**Task brief**
Without any images, output the records below verbatim.

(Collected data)
____________

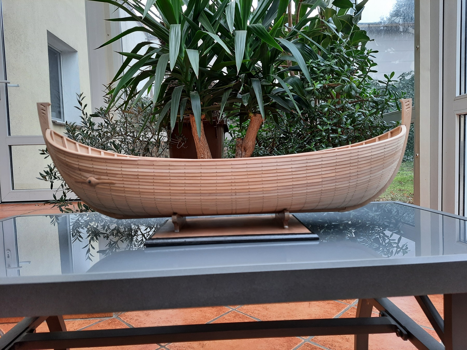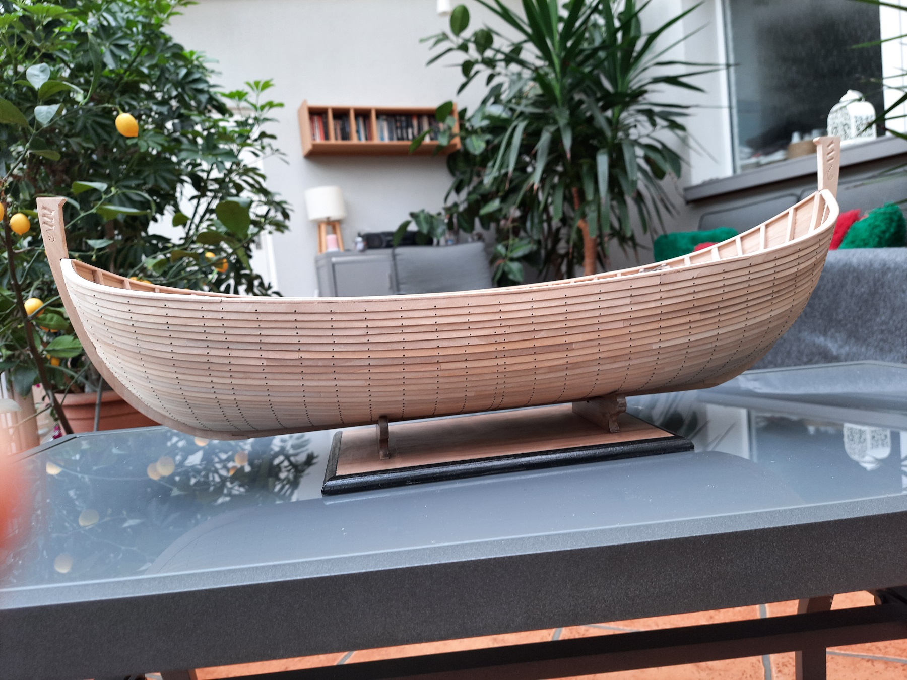 Do Rafała. Kopyto nie jest dzielone i nie będzie usuwane. To jest jedynie pozorowanie szkoły wikingów. Nie posiadam odpowiednio precyzyjnego wzornika kształtów by umieszczać w skorupie wręgi a poza tym lubię modele " mocne" by bez obaw można było napinać liny.
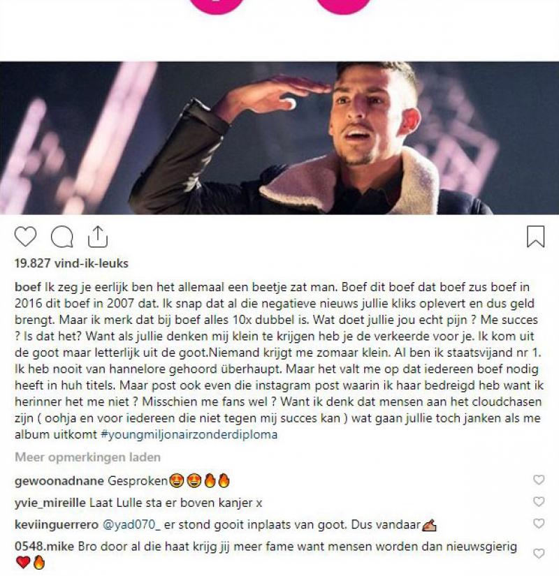 Ik kom uit de goot, maar letterlijk uit de goot. Niemand krijgt me zomaar klein. Al ben ik staatsvijand nr 1. Ik heb nooit van Hannelore gehoord überhaupt. Maar het valt me op dat iedereen Boef nodig heeft in hun titels. Maar post ook even die Instagrampost waarin ik haar bedreigd heb want ik herinner het me niet? Misschien mijn fans wel? Want ik denk dat mensen aan het cloudchasen zijn. Oohja, en voor iedereen die niet tegen mij succes kan, wat gaan jullie toch janken als mijn album uitkomt #youngmiljonairzonderdiploma, klinkt het.
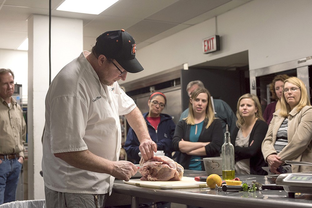 The Better Me Wellness program, in collaboration with Dining Services, is offering faculty and staff themed cooking classes. Chef Oscar Oââ¬â¢Flynn demonstrated how to debone a turkey breast during a recent class on preparing a holiday meal. The next class is 4-6 p.m. Dec. 13 for ââ¬ÅAppetizer Recipes.ââ¬Â RSVP to betterme@rit.edu as space is limited. -
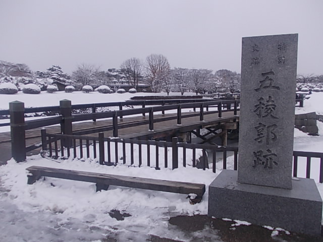 五稜郭は函館のみならず北海道を代表する観光地ですので、冬はきちんと除雪されている所が多いのかな、と思いきや、意外と適当にしか除雪されておらず、踏み跡を信じて突き進んで行くと、急に途切れる、なんて場所が結構あって、靴の仲がずぶ濡れになってしまいました。出来れば3月下旬の時期の五稜郭観光は、郭内に入らず、五稜郭タワーから眺めるだけで満足した方が良いかもしれません…(涙)。
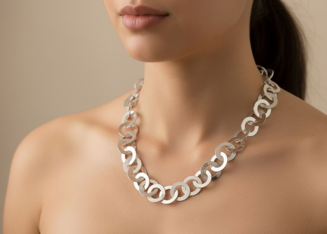 Collana in argento 925 con cerchietti saldati uno ad uno e completamente martellati a mano dai Maestri di Brandimarte.
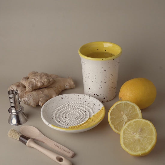 Nuestro Set de Infusión no es solo una delicia para los sentidos, también es un aliado para tu bienestar. El jengibre, conocido por sus propiedades antiinflamatorias y digestivas, se combina perfectamente con la vitamina C y los antioxidantes del limón, creando una bebida que refuerza tu sistema inmunológico y revitaliza tu cuerpo.Al utilizar nuestro set, extraes lo mejor de estos ingredientes naturales. El plato rallador de cerámica asegura que el jengibre libere todos sus aceites esenciales y compuestos beneficiosos, mientras que el exprimidor de limón te permite aprovechar cada gota de su jugo lleno de nutrientes.
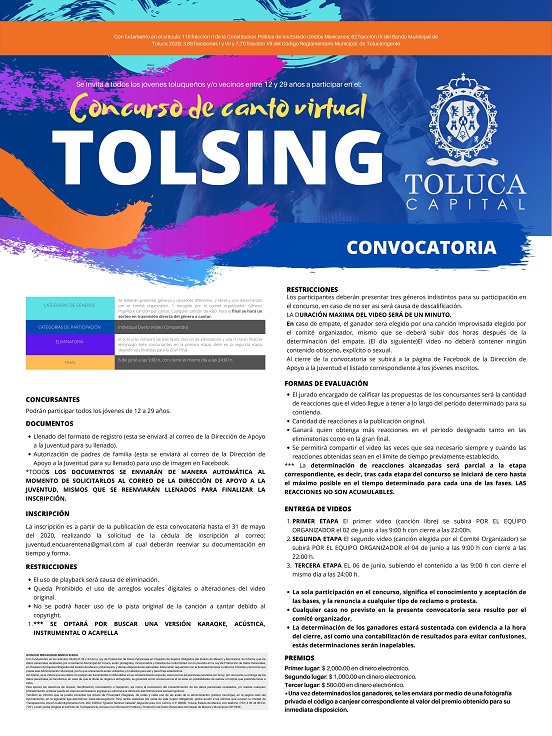 La Dirección de Apoyo a la Juventud de Toluca invita a los jóvenes de 12 a 29 años a participar en el concurso de canto virtual Tolsing. La inscripción estará abierta hasta el 31 de mayo. El primer lugar recibirá un premio dos mil pesos en dinero electrónico, el segundo lugar, mil, y el tercero, 500.
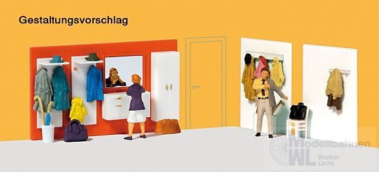 Produktinformationen "Preiser 10658 - Beim Anziehen mit Garderobeneinrichtung H0 1:87"
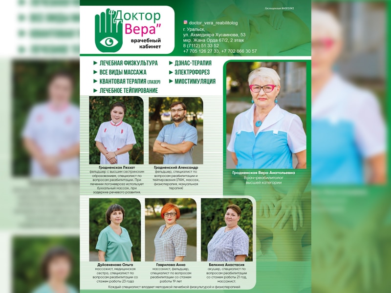 -Мы понимаем, что каждый пациент уникален, поэтому ставим индивидуальный подход в основу нашей работы. Наша миссия - помочь вам достичь и поддерживать оптимальное здоровье и благополучие. Мы предлагаем широкий спектр реабилитационных услуг. Я как врач, высшей категории провожу тщательное обследование и предоставляю реабилитацию индивидуально для каждого больного. Мы предлагаем спектр услуг профилактических программ по реабилитации,чтобы предупредить многие заболевания. В "Доктор Вера" доступны эффективные методы реабилитации, опираясь на последние медицинские достижения. Наша команда готова помочь вам справиться с различными заболеваниями и вернуть вам здоровье и жизненную активность, - говорит Вера Гродненская.
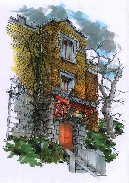 他懷著對(duì)母校的熱愛,手繪了校園建筑
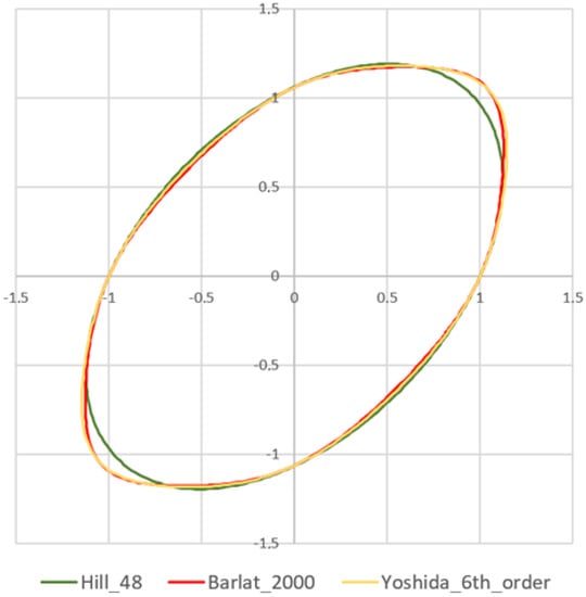 Three yield criteria were used in the springback prediction research. The Yoshida [39], Hill48 [40], and Barlat2000 [41] criteria were utilized in the numerical simulation to evaluate the springback prediction accuracy (Figure 6). The parameters to define the above-mentioned yield criteria are specified in Table 3.

____________

**Answer to this exercise**
 Do Rafała. Kopyto nie jest dzielone i nie będzie usuwane. To jest jedynie pozorowanie szkoły wikingów. Nie posiadam odpowiednio precyzyjnego wzornika kształtów by umieszczać w skorupie wręgi a poza tym lubię modele " mocne" by bez obaw można było napinać liny.
 Ik kom uit de goot, maar letterlijk uit de goot. Niemand krijgt me zomaar klein. Al ben ik staatsvijand nr 1. Ik heb nooit van Hannelore gehoord überhaupt. Maar het valt me op dat iedereen Boef nodig heeft in hun titels. Maar post ook even die Instagrampost waarin ik haar bedreigd heb want ik herinner het me niet? Misschien mijn fans wel? Want ik denk dat mensen aan het cloudchasen zijn. Oohja, en voor iedereen die niet tegen mij succes kan, wat gaan jullie toch janken als mijn album uitkomt #youngmiljonairzonderdiploma, klinkt het.
 The Better Me Wellness program, in collaboration with Dining Services, is offering faculty and staff themed cooking classes. Chef Oscar Oââ¬â¢Flynn demonstrated how to debone a turkey breast during a recent class on preparing a holiday meal. The next class is 4-6 p.m. Dec. 13 for ââ¬ÅAppetizer Recipes.ââ¬Â RSVP to betterme@rit.edu as space is limited. -
 五稜郭は函館のみならず北海道を代表する観光地ですので、冬はきちんと除雪されている所が多いのかな、と思いきや、意外と適当にしか除雪されておらず、踏み跡を信じて突き進んで行くと、急に途切れる、なんて場所が結構あって、靴の仲がずぶ濡れになってしまいました。出来れば3月下旬の時期の五稜郭観光は、郭内に入らず、五稜郭タワーから眺めるだけで満足した方が良いかもしれません…(涙)。
 Collana in argento 925 con cerchietti saldati uno ad uno e completamente martellati a mano dai Maestri di Brandimarte.
 Nuestro Set de Infusión no es solo una delicia para los sentidos, también es un aliado para tu bienestar. El jengibre, conocido por sus propiedades antiinflamatorias y digestivas, se combina perfectamente con la vitamina C y los antioxidantes del limón, creando una bebida que refuerza tu sistema inmunológico y revitaliza tu cuerpo.Al utilizar nuestro set, extraes lo mejor de estos ingredientes naturales. El plato rallador de cerámica asegura que el jengibre libere todos sus aceites esenciales y compuestos beneficiosos, mientras que el exprimidor de limón te permite aprovechar cada gota de su jugo lleno de nutrientes.
 La Dirección de Apoyo a la Juventud de Toluca invita a los jóvenes de 12 a 29 años a participar en el concurso de canto virtual Tolsing. La inscripción estará abierta hasta el 31 de mayo. El primer lugar recibirá un premio dos mil pesos en dinero electrónico, el segundo lugar, mil, y el tercero, 500.
 Produktinformationen "Preiser 10658 - Beim Anziehen mit Garderobeneinrichtung H0 1:87"
 -Мы понимаем, что каждый пациент уникален, поэтому ставим индивидуальный подход в основу нашей работы. Наша миссия - помочь вам достичь и поддерживать оптимальное здоровье и благополучие. Мы предлагаем широкий спектр реабилитационных услуг. Я как врач, высшей категории провожу тщательное обследование и предоставляю реабилитацию индивидуально для каждого больного. Мы предлагаем спектр услуг профилактических программ по реабилитации,чтобы предупредить многие заболевания. В "Доктор Вера" доступны эффективные методы реабилитации, опираясь на последние медицинские достижения. Наша команда готова помочь вам справиться с различными заболеваниями и вернуть вам здоровье и жизненную активность, - говорит Вера Гродненская.
 他懷著對(duì)母校的熱愛,手繪了校園建筑
 Three yield criteria were used in the springback prediction research. The Yoshida [39], Hill48 [40], and Barlat2000 [41] criteria were utilized in the numerical simulation to evaluate the springback prediction accuracy (Figure 6). The parameters to define the above-mentioned yield criteria are specified in Table 3.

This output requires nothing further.